Bodybuilding programs for legs will not help a cyclist just as riding 700kms a week will not help a bodybuilder but there are benefits to lifting weights which emphasise the legs particularly compound exercises such as squats, deadlifts and power cleans.
The reps and weight will also make a difference depending on what you are trying to achieve. Athletes in power sports want to train for explosive power and hit fast twitch muscles fibres, endurance athletes want to target slow twitch muscle. The athletes with the fastest muscle twitch isn't sprinters it is the big heavy powerlifters. They train for that explosive speed. This is simplified of course.
Weight lifting can also help injury prevention and prevent injuries from blancing other muscle groups particularly stabilising muscles. Squats makes just about every muscle in the body work particularly the legs and the stabilising muscles in the rest of the body.
I came off a bike at 40kph (motorbike not treadly, I wish I was that good ) and the doctors sighted my landing position and said the main reason I didn't break my clavicle was because of the strength of the muscle around my neck and chest
If your riding position tends to make the hamstrings work particularly hard it can lead to a muscle imbalance with the quads making you more susceptible to injury. Weightlifting properly can help prevent this.

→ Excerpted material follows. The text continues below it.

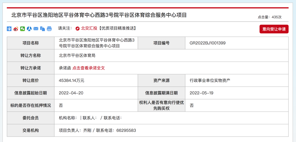 按照公开信息,该项目转让方为北京市平谷区体育局,转让底价为4.538414亿元人民币。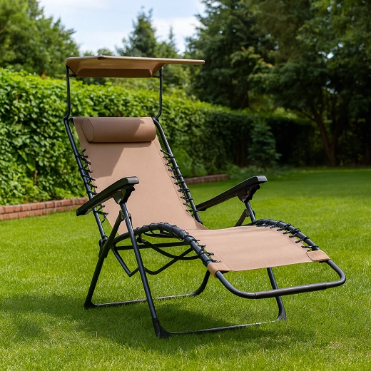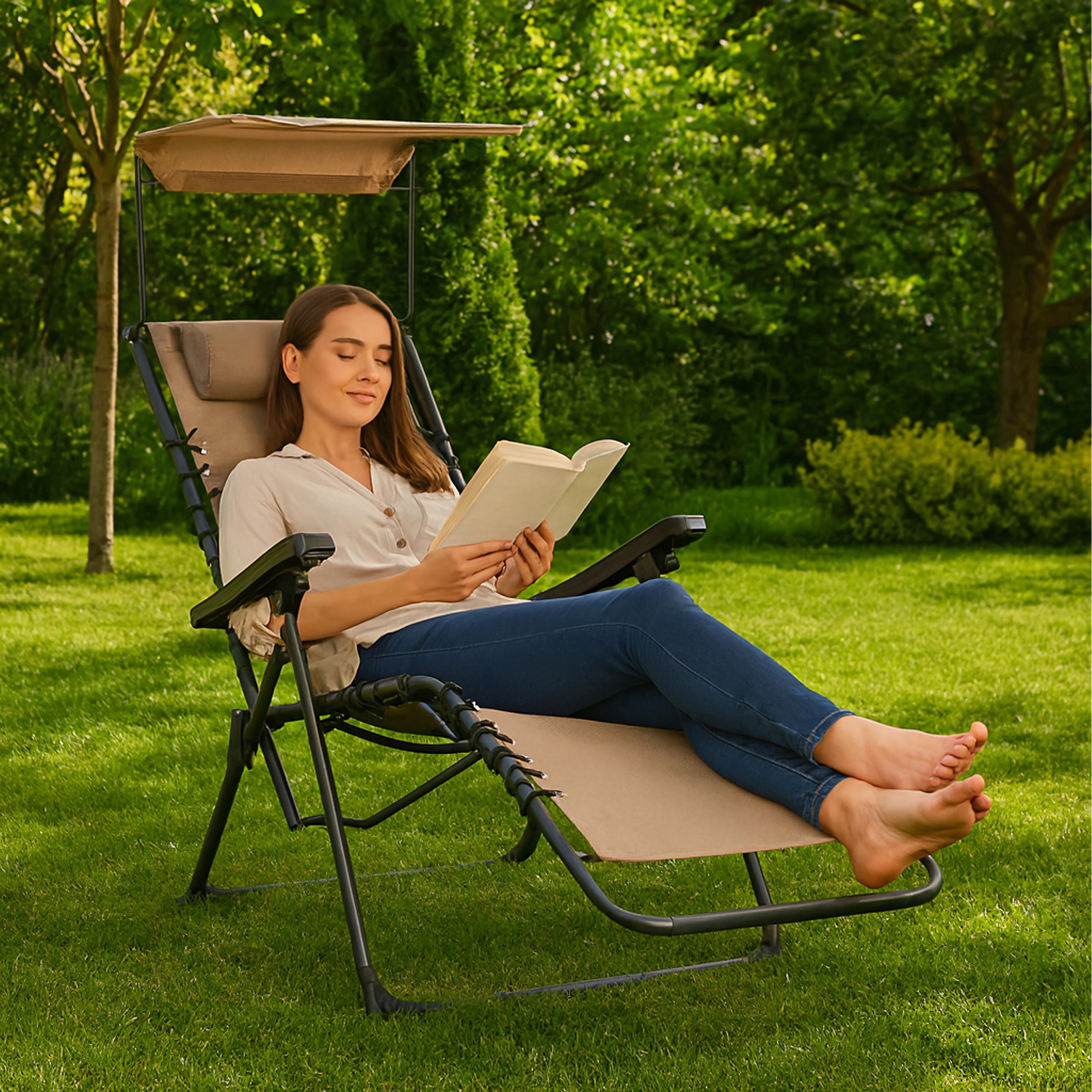 De praktische luifel biedt schaduw op zonnige dagen en de verstelbare rugleuning laat je soepel wisselen van zitten naar liggen. Het zachte, afneembare hoofdkussen ondersteunt de nek voor maximaal comfort.

I spent a lot of time weightlifting and power training when I was younger. I don't do it anymore due to limited time. But I do exercises such as squats, lunges and vertical jumps without weights.
Don't discount a weightlifting plan it may actually improve you in ways that you never thought about. But then again I am not a certified expert I just have had experience with riders and weightlifters, sometimes both.
I know track sprinters at the pro level do it. I have seen photos of LA doing weights. So guess there must be something for the cyclists. But guess it all depends on how its done and what are the objectives.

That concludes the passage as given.